The verb GET doesn' work for my needs ... I am an idiot. No amount of work is going to make a GET work with sending my parameters as an object in the request data. So let me show the code that I had to change to make this work.
The SmartGWT RestDataSource, I changed;
fetchProps.setHttpMethod("GET"); to fetchProps.setHttpMethod("POST");
an I still kept: fetch.setDataProtocol(DSProtocol.POSTMESSAGE);
// set up FETCH to use GET requests
OperationBinding fetch = new OperationBinding();
fetch.setOperationType(DSOperationType.FETCH);
fetch.setDataProtocol(DSProtocol.POSTMESSAGE);
fetch.setDataFormat(DSDataFormat.JSON);
// ===========================================
DSRequest fetchProps = new DSRequest();
fetchProps.setHttpMethod("POST");
fetchProps.setContentType("application/json");
fetch.setRequestProperties(fetchProps);
Also in the same RestDataSource, in the "transformRequest" method, I added:
Map<String, String> httpHeaders = new HashMap<String, String>();
httpHeaders.put("Content-Type", "application/json");
httpHeaders.put("Accept", "application/json");
dsRequest.setHttpHeaders(httpHeaders);
This made sure that whatever browser I was using, these two headers are being manually set.

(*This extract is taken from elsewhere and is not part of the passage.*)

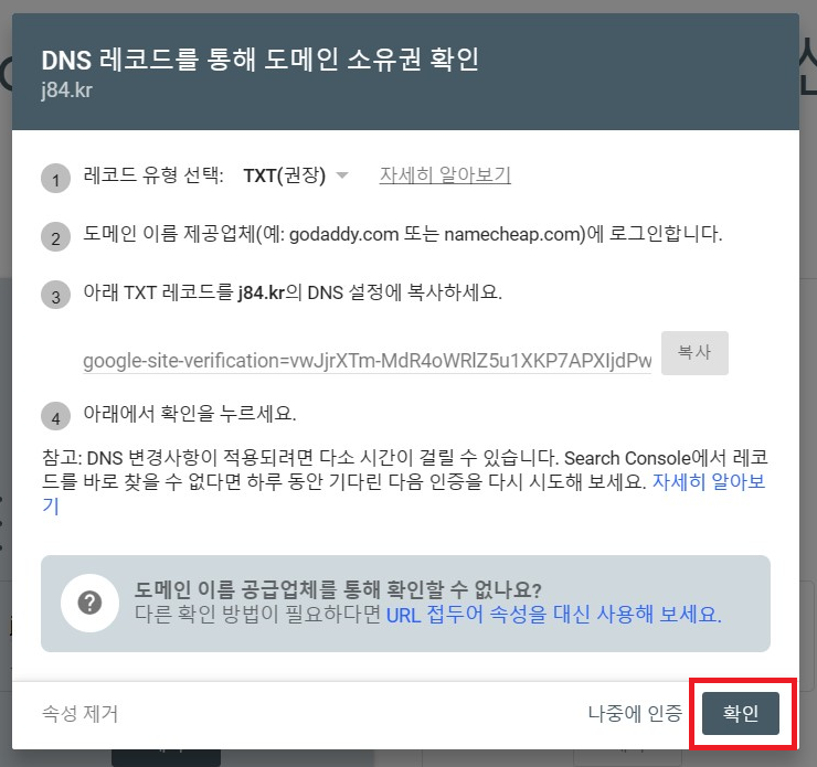 2) 입력한 도메인에 대한 소유권 확인을 하라는 창이 뜬다. 1 2 3 4번 내용을 확인 하고 3번에 있는 TXT 레코드를 복사합니다. 내 도메인은 가비아에서 생성 했기 때문에 DNS설정에 아래 TXT레코드를 넣을 예정이다.

The Spring MVC Controller resides in the same web-app, so for now, this avoids any SOP cross-site domain issues until I can test that out. In the meantime, the header for my control looks like:
#RequestMapping(value = "/searchAndCount", method = RequestMethod.POST, headers =
{ "Accept=application/json", "Content-Type=application/json" })
public #ResponseBody
ArrayList<?> searchAndCountPOST(#RequestBody SearchInvoiceDTO searchInvoiceDto)
This work great to get called, and it returned my data. The original unit test I had was doing a MockMVc.get which worked and through me off. It must have recognized data coming through and changed the GET to a POST to make it work. My unit test was changed to a POST now, and that also works well.
I hope all this work pays off for someone else!